Ж.З.: В прошлом октябре Георгий заболел ковидом. Началась одышка при нагрузках, но мы оба думали, что это не страшно: мало ходит после болезни, а как начнёт – раздышится. Но лучше не становилось, наоборот, одышка появилась и в покое. Пришлось ехать в Москву. Тогда Георгия долго обследовали в НИИ им. Склифосовского и в итоге поставили диагноз облитерирующий бронхиолит в связи с хроническим отторжением. Назначили лечение, потом произошла тромбоэмболия, видимо, как последствие ковида, её тоже остановили, и похудевшего, измождённого мужа в январе выписали. Сказали, что с этими диагнозами можно жить, пока ремиссия. Я задала вопрос про ретрансплантацию, но Наталья Анатольевна Карчевская ответила, что пока рано об этом говорить, и мы уехали домой, в Анапу.
Жанна, Георгий и их сын (период после первой пересадки)
Однако лучше не стало: сатурация падала, пришлось подключать кислородный концентратор, но и на нём кислорода не хватало, Гера вообще не мог дышать. Я вызвала скорую, и мы уехали в реанимацию Анапы, а вечером – в Краснодар, где мужа уже без сознания подключили к ИВЛ и уже после никак не могли снять: он всё время десатурировал. Тогда мы с Натальей Анатольевной решили забрать Георгия в Склиф. Уже 15 мая мы на реанимобиле приехали в Москву. Там попытались снять с ИВЛ, но тоже не получилось. Лечили пневмонию, грибы, вирусы – целый букет за эти переезды сформировался. В итоге мужа поставили в лист ожидания. Но состояние ухудшалось очень быстро, и уже через неделю Геру подключили к ЭКМО.
– Вы верили, что будет повторная пересадка?
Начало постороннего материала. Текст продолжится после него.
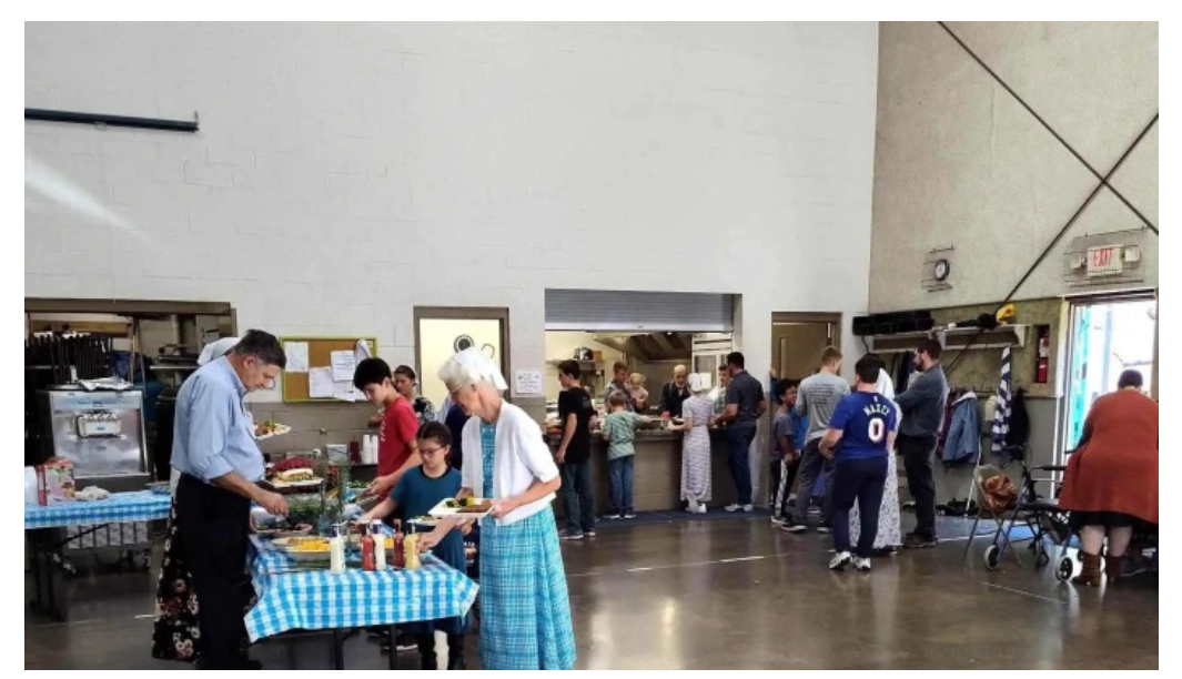
Boulder ridge retreat gym
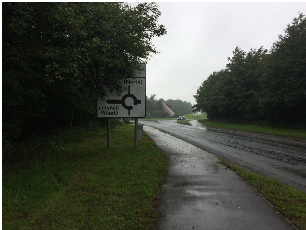
Figure 2. Braithwaite Road looking towards the Lillyhall roundabout (the MRF is to the left of the sign)

Information obtained from MRF representatives confirmed that the activities near the site were driving, cycling, jogging and walking. The people walking in the area were primarily employees from the businesses on the industrial estate walking at lunchtime. Traffic was primarily free flowing at the roundabout and might only back up if there is an accident on the A595.
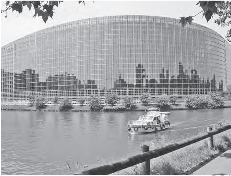
FIGURE 1.2. The European Parliament in Strasbourg. In sharp contrast to the highly decorated Gothic west front of Strasbourg's medieval cathedral is the modern headquarters of the European Parliament, opened in 1999.

treatment of these people and their region is organized topically and is both contemporary and historical in its approach. And, as our brief opening comments about the city of Strasbourg and its inhabitants suggest, we focus on the multiplicity of influences and conditions that underlie the way in which Europeans live their daily lives and see their place in Europe and the world.
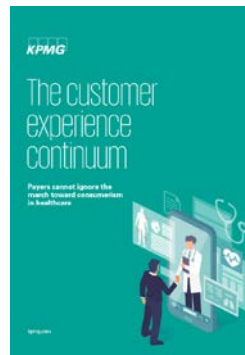
The customer experience continuum
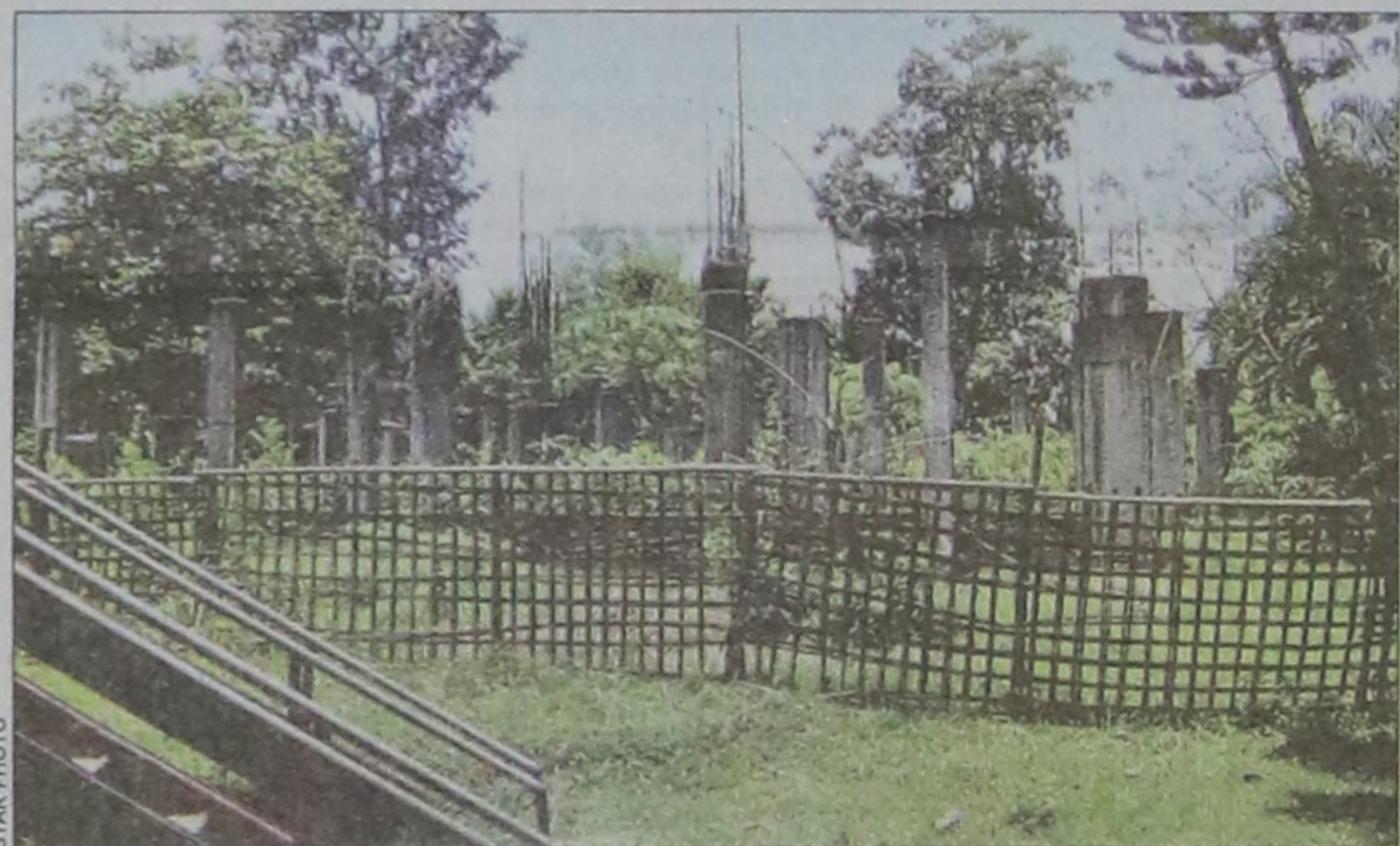
Nursery at Rangamati Pura Park.

He said though the fire incidents have reduced to a some extent while the casualty came down to a large scale. He said they are also emphasising on standard electrification and fire drill for the workers at least for once a month to avert casualty.
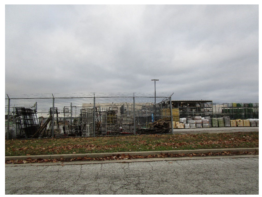
View from site looking north across Post Drive
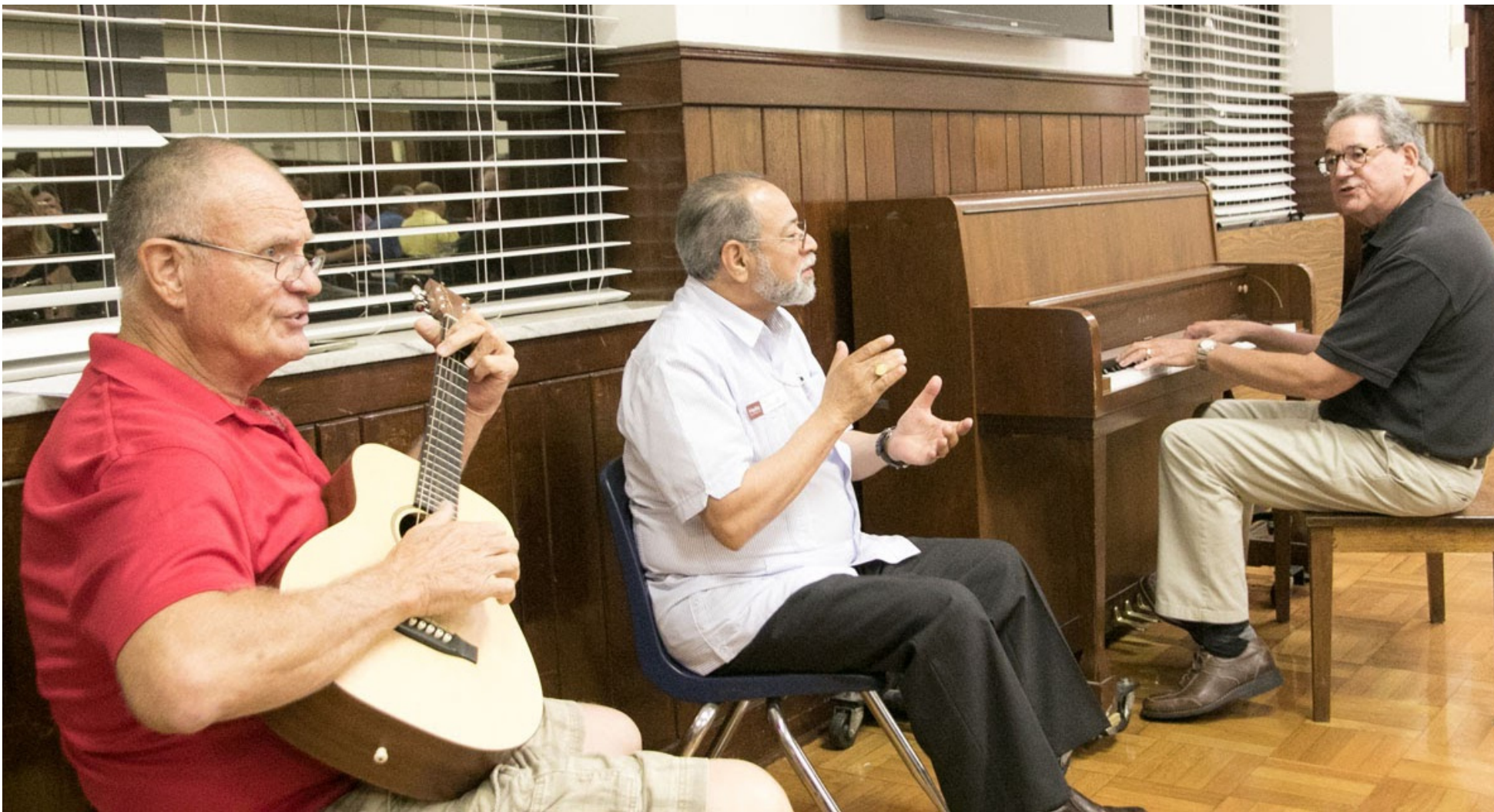
October 2016 Tampa, Florida

Ж.З.: Честно, было тяжело, думали не выживет. И повторная пересадка в мае, июне казалась нереальной – он был в слишком тяжёлом состоянии. Но потом Гера на ЭКМО ожил. Ему вылечили пневмонию, и в периоды сознания он морально и психологически хорошо держался. Тогда я поверила в успешную пересадку. У нас все родственники и друзья верили в него, говорили “сильный духом”. Конечно, и мне и ему помогло ещё и то, что меня пускали в реанимационную палату, его это успокаивало и поддерживало. Я верила в нашу медицину, в Тарабрина и Карчевскую. Но каждый день с волнением ехала в больницу, думая, как он там, каким словами меня сегодня встретят врачи. Но всё было стабильно, и вечером я со спокойной душой уезжала домой. И так до 28 августа.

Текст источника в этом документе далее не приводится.